The above ML analyses based on the dense fault dynamics data extracted from the FDEM simulated sheared granular fault system demonstrate that upon appropriate optimization of input features, we can achieve acceptable performance and accuracy for laboratory earthquake prediction using LightGBM. However, ML models are often called “black boxes”, which means that although we may reach accurate predictions, the mechanism behind the models remains elusive. To probe into the working mechanism of the LightGBM prediction model, we evaluate the role each input feature plays in the prediction using the SHAP value approach, which quantifies the direct contribution of an input feature to the predicted value at each instant of time. Specifically, the positive SHAP value of an input feature results in an increase in the predicted normalized shear stress at that time and vice versa. Based on the last LightGBM model with the highest prediction accuracy—the one trained using the optimized data and their statistics (i.e., 792 input features), we calculate the SHAP values of each input feature at each instant of time.
Due to space limitations, we first plot in Figure 6 the top 50 input features with large cumulative magnitudes of the yielded SHAP values (in descending order). The cumulative magnitude of SHAP values is the summation of the magnitudes (absolute values) of all yielded SHAP values for an input feature, indicating a feature’s overall contribution to prediction at all times. The actual SHAP value versus the corresponding feature value (relative value from low to high, denoted by the colour bar) at each instant of time is presented in Figure 6. An enlarged version listing the top 200 input features is presented in Figure S4 in the Supplementary Material. These plots show that the different microscopic fault dynamics data types have completely distinct contributions to the predicted normalized shear stress.
The top input features shown in Figure 6 (e.g., the top 10–15) yield both positive and negative SHAP values. The behaviour of this type of input feature is further detailed in Figure 7a by the temporal evolution of the SHAP value of an exemplar Dx at sensor No. 396, alongside the change of Dx and the normalized shear stress for comparison. As shown in Figure 7a, the changing trend of the SHAP value is roughly consistent with the feature value, i.e., during the stick stages, both the feature value and SHAP value increase, and sudden drops occur at slips for both. Moreover, the larger the feature value is, the higher the generated SHAP value will be (although imprecisely). The rough consistency between the input feature and the corresponding SHAP value in both the stick and slip stages is commonplace for the majority of the top input features, especially the ones related to Dx and its statistics, e.g., the data collected at sensors with No. 224, 408, and 417, among many others (Figure S4). This agrees with our intuitive understanding that features with better prediction capability should have similar evolution patterns and pace to the prediction target. However, not all Dx-related features exhibit similar evolution patterns to the predicted target. As shown in Figure S5 of the Supplementary Material, the correlation between the listed Dx features and the normalized shear stress is considerably weak. Nevertheless, the SHAP value provides a powerful approach that helps filter the Dx-related features with high correlations and contributions to the prediction target.
There are also input features that mainly yield negative SHAP values, e.g., the Vx of sensor No. 2112 (Figure 6). As detailed in Figure 7b regarding its temporal evolution versus the SHAP value and normalized shear stress, when a slip occurs, a negative SHAP value will be generated, together with a spike in Vx (can be positive or negative).
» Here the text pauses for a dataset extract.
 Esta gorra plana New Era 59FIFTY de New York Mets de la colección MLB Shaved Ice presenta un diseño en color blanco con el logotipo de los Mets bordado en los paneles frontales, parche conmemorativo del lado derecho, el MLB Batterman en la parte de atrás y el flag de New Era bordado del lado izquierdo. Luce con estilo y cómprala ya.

However, during the stick phases, Vx is very small, and the yielded SHAP value is mainly around zero, thus having no distinct contribution to the prediction. These demonstrate that this type of input feature (Vx) mainly contributes to the prediction results at slips by bringing down the predicted normalized shear stress. Similar phenomena can also be found in the Vx of a few other sensors, e.g., the ones with No. 406, 1004, and 1888 (Figure S4).
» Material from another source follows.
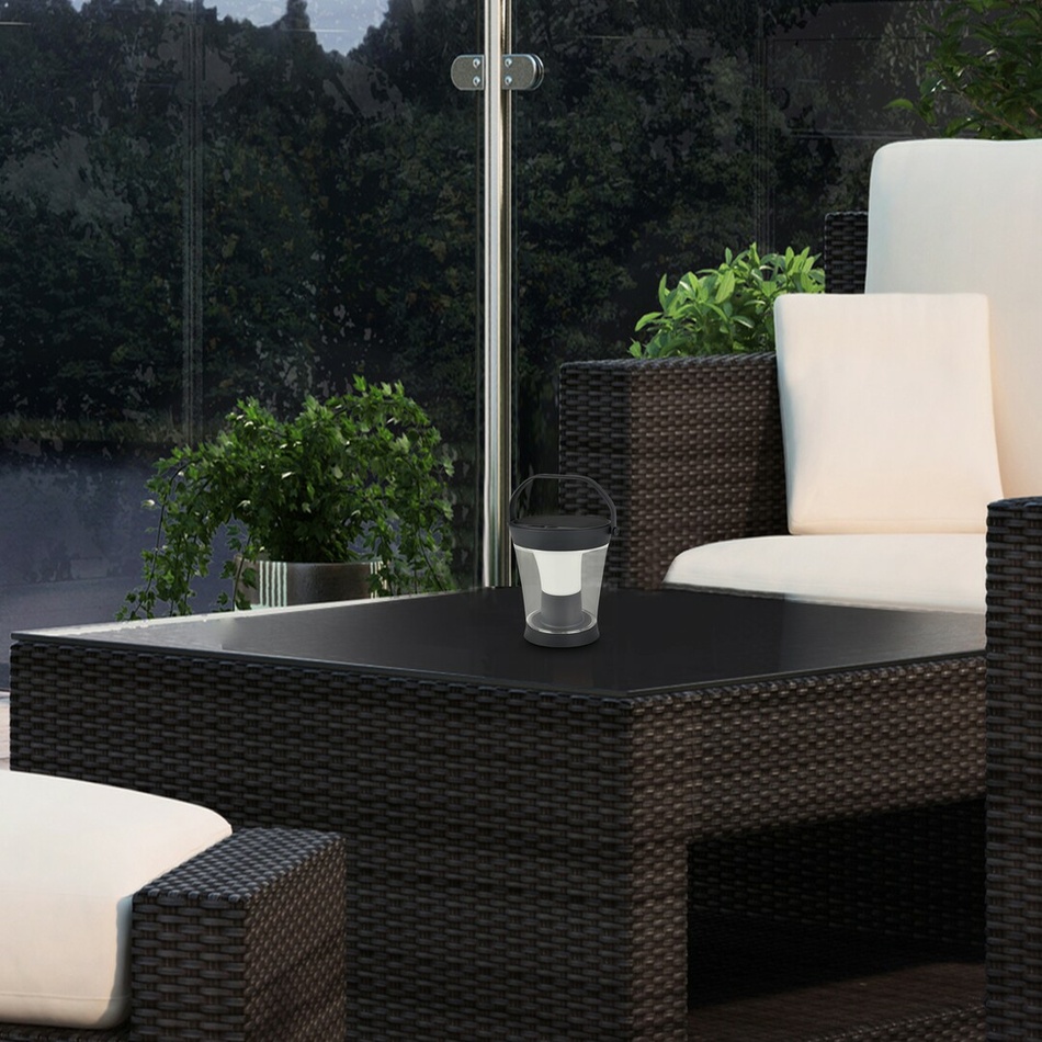 Solárnu vonkajšiu lampu Angers v modernom štýle s mnohými doplnkami môžete umiestniť na terasu alebo do záhrady. Tento elegantný model v sivej farbe je vyrobený výlučne z plastu, má priehľadné tienidlo, okrúhlu ozdobnú základňu a praktickú rukoväť.Angers má zabudovaný LED svetelný zdroj s výkonom 3 W, svietivosťou 300 lúmenov s tienidlom a 450 lúmenov bez tienidla a životnosťou 15 000 hodín. Svetelný zdroj s farebnou teplotou 4000 K vyžaruje prirodzené biele svetlo. Lampa je tiež schopná RGB osvetlenia a je možné ju nabíjať cez USB kábel. Dĺžka kábla je 1000 mm. Vďaka zabudovanému senzoru lampa prispôsobuje svoj jas vonkajším podmienkam, ale je aj stmievateľná, takže si jas môžete nastaviť sami pomocou prepínača.Batéria má napätie 3,7 V a kapacitu 2000 mAh. Angers má šírku 240 mm a priemer 120 mm. Krytie IP54 zaručuje, že je chránené proti prachu a striekajúcej vode z akéhokoľvek smeru. Ideálny rozsah pracovných teplôt je -10 – 40 °C.

On the contrary, a small number of input features behave the opposite, e.g., the Dy of sensor No. 283 (Figure 6). Specifically, when a slip occurs, this type of feature mainly generates positive SHAP values and pushes up the predicted normalized shear stress (Figure 7c). During stick phases, although we can also witness an increase in these feature values (similar to Dx), they mainly have minor contributions to the prediction results, i.e., the yielded SHAP values are mainly around zero or of a small negative value. These input features include the Dy of sensors with No. 8, 12, and 285 (Figure S4). It is worth noting that the Vy of sensors barely has notable contributions to the prediction results, as there are only 4 input features related to Vy on the top 200 feature list shown in Figure S4.
The SHAP values of input features can help uncover local friction dynamics’ role in laboratory earthquake prediction. From the above analyses, we find that the input features related to Dx mainly occupy the top of the list shown in Figure 6 (or Figure S4), simply because these top features evolve at a similar pace to the normalized shear stress in both the stick and slip phases. This is followed by the input features related to Dy. However, compared with Dx, the magnitudes of the yielded SHAP values are relatively smaller. We suspect this may be partially caused by the fact that the input features related to Dy only contribute to the prediction results at slips. We can observe a small number of input features related to Vx on the list in Figure 6 (or Figure S4), and they also only contribute to the prediction results at slips. We barely see input features related to Vy in Figure S4. Details of the sensor numbers and their locations are presented in Figure 8. Locations of the sensors related to the top 200 input features listed in Figure S4 are also presented in Figure 8 (coloured). All these demonstrate that, in general, the input features related to displacements contribute more to the prediction results than those associated with velocity. In addition, the features related to the shearing direction (i.e., the x direction) can better reflect the friction dynamics of the system and thus have higher contributions to the prediction results than those in the y direction.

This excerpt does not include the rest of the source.